Recentemente è stato reso noto il Rapporto sulla presenza di azoto in Europa nella produzione nel consumo di cibo, con il titolo «Azoto in tavola». Il focus dell’indagine è soprattutto su cosa potrebbe accadere nel continente se si verificasse un deciso calo di produzione di carni e prodotti caseari. Il primo dato che balza agli occhi è che tagliando i consumi in questi due settori, si ridurrebbe in modo drastico l’eccesso di azoto in atmosfera e i gas serra conseguenti alle attività produttive con il risultato di riprendere possesso di grandi aeree agricole coltivabili ora destinate al pascolo e che potrebbero essere orientate verso nuove produzioni di cibo ecocompatibile e di bioenergy. Senza considerare, osservano gli autori, il vantaggio per la salute indotto da un consumo limitato e controllato di carni. Tra pochi giorni nel mese di maggio sarà pubblicato il rapporto completo.
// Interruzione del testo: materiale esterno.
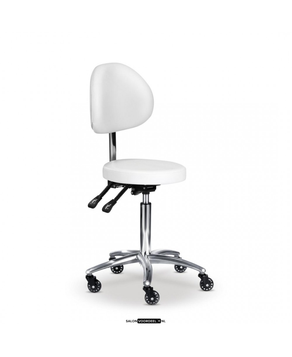 De kruk is uitgerust met 3 gasveren om de hoogte, de helling van de rugleuning en de zitting aan te passen.
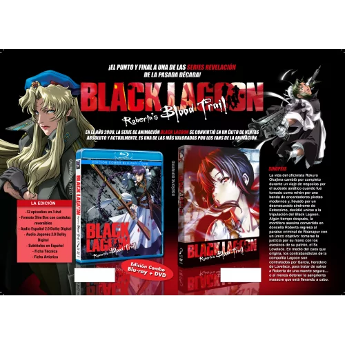Sinopsis: La vida del oficinista Rokuro Okajima cambió por completo durante un viaje de negocios por el sudeste asiático cuando fue tomado como rehén por una banda de encantadores piratas modernos y, llevado por un desmesurado síndrome de Estocolmo, decidió unirse a la tripulación del Black Lagoon. Algún tiempo después, la mortífera asesina convertida en doncella Roberta regresa al paraíso criminal de Roanapur con un único objetivo: tomarse la justicia por su mano con los asesinos de su patrón, el Sr. Lovelace. En medio del caos que origina, los contrabandistas de la compañía Lagoon son contratados por Garcia, heredero de Lovelace, para tratar de salvar a Roberta de una muerte segura… o al menos detener la sangrienta masacre que está llevando a cabo.
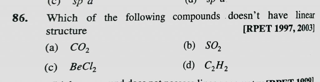 Which of the following compounds doesn’t have linear structure (a) CO2 (b) SO2 (c) BeCL2 (d) C2H2 Which of the following compounds doesn't have linear structure (a) CO2 (b) SO2 (c) BeCL2 (d) C2H2 December 6, 2020 Category: Uncategorised (JEE Advanced Physics by BM Sharma + GMP Solutions) , Facebook Messenger WhatsApp Share this:TwitterFacebook Related
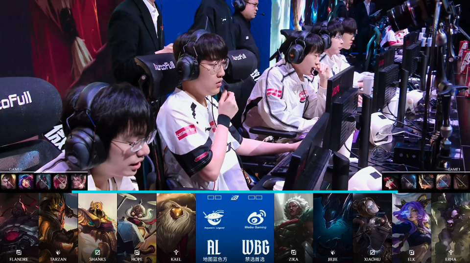 第一局比赛,AL蓝色方,禁用:杰斯、妮蔻、韦鲁斯、蔚、赵信,选用:Flandre塞恩、Tarzan皇子、Shanks沙皇、Hope飞机、Kael巴德;WBG红色方,禁用:石头人、波比、兰博、厄斐琉斯、女枪,选用:Zika安蓓萨、Jiejie梦魇、Xiaohu发条、Elk芸阿娜、Erha牛头
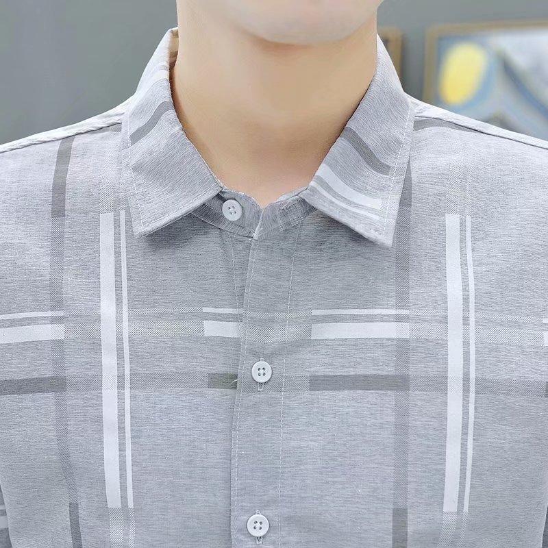 Camisa de manga corta de seda helada de verano para hombre, marca de moda, elegante camisa de hombre, estilo coreano, corte entallado, camisa de manga tres cuartos

Henk Westhoek, uno degli autori del Rapporto e Direttore del programma per l’Agricoltura e Cibo dei Paesi Bassi, ha ricordato come l’impronta ambientale prodotta dal consumo di carni e prodotti caseari sia molto più pesante di quella alimentare basata sul consumo di prodotti agricoli. Se tutte le persone all’interno dell’Unione Europea dimezzassero il consumo di carne e di prodotti di caseificio, questo provocherebbe una diminuzione dei gas serra tra il 25 e il 40 per cento rispetto all’attuale livello e per le emissioni di azoto sino al 40%. L’aspetto positivo ulteriore, oltre alla salubrità dell’aria, dell’acqua, dell’habitat nel suo insieme, sarebbe anche una maggiore e rinnovata capacità dell’Europa nell’esportazione di prodotti alimentari fondati su un’agricoltura più estesa, invece che essere soprattutto importatori come accade adesso per molti prodotti della terra.

Sull’effetto positivo di una scelta come quella delineata si è espresso un altro degli autori, il prof. Mark Sutton, fisico ambientale al Centro per Ecology & Hydrology, secondo il quale la razionalizzazione delle emissioni di azoto dovuto all’attività umana, rappresenta ormai una sfida sociale che collega ambiente, sicurezza del cibo e salute.

La nuova ricerca si è basata sulle modifiche intervenute dopo gli accertamenti in tema di azoto fatti nel 2011. Il lavoro è stato condotto dall’unità sull’azoto delle Nazioni Unite e dalla Commissione Economica per l’Europa (UNECE).

Dal canto suo, il prof. Sutton, ha sottolineato come siano forti le resistenze al cambiamento sia nel sistema produttivo che in quello commerciale. Il risultato è che i paesi temono che adottando nuove misure e affrontando la questione azoto incidendo su consumi e produzioni possa ridurre la loro competitività internazionale. Il cambiamento, ovviamente, deve essere sociale, comportamentale, prima ancora che industriale. Il primo decisivo atto sarebbe quello della riduzione dei consumi che avrebbe immediato riverbero sul sistema produttivo.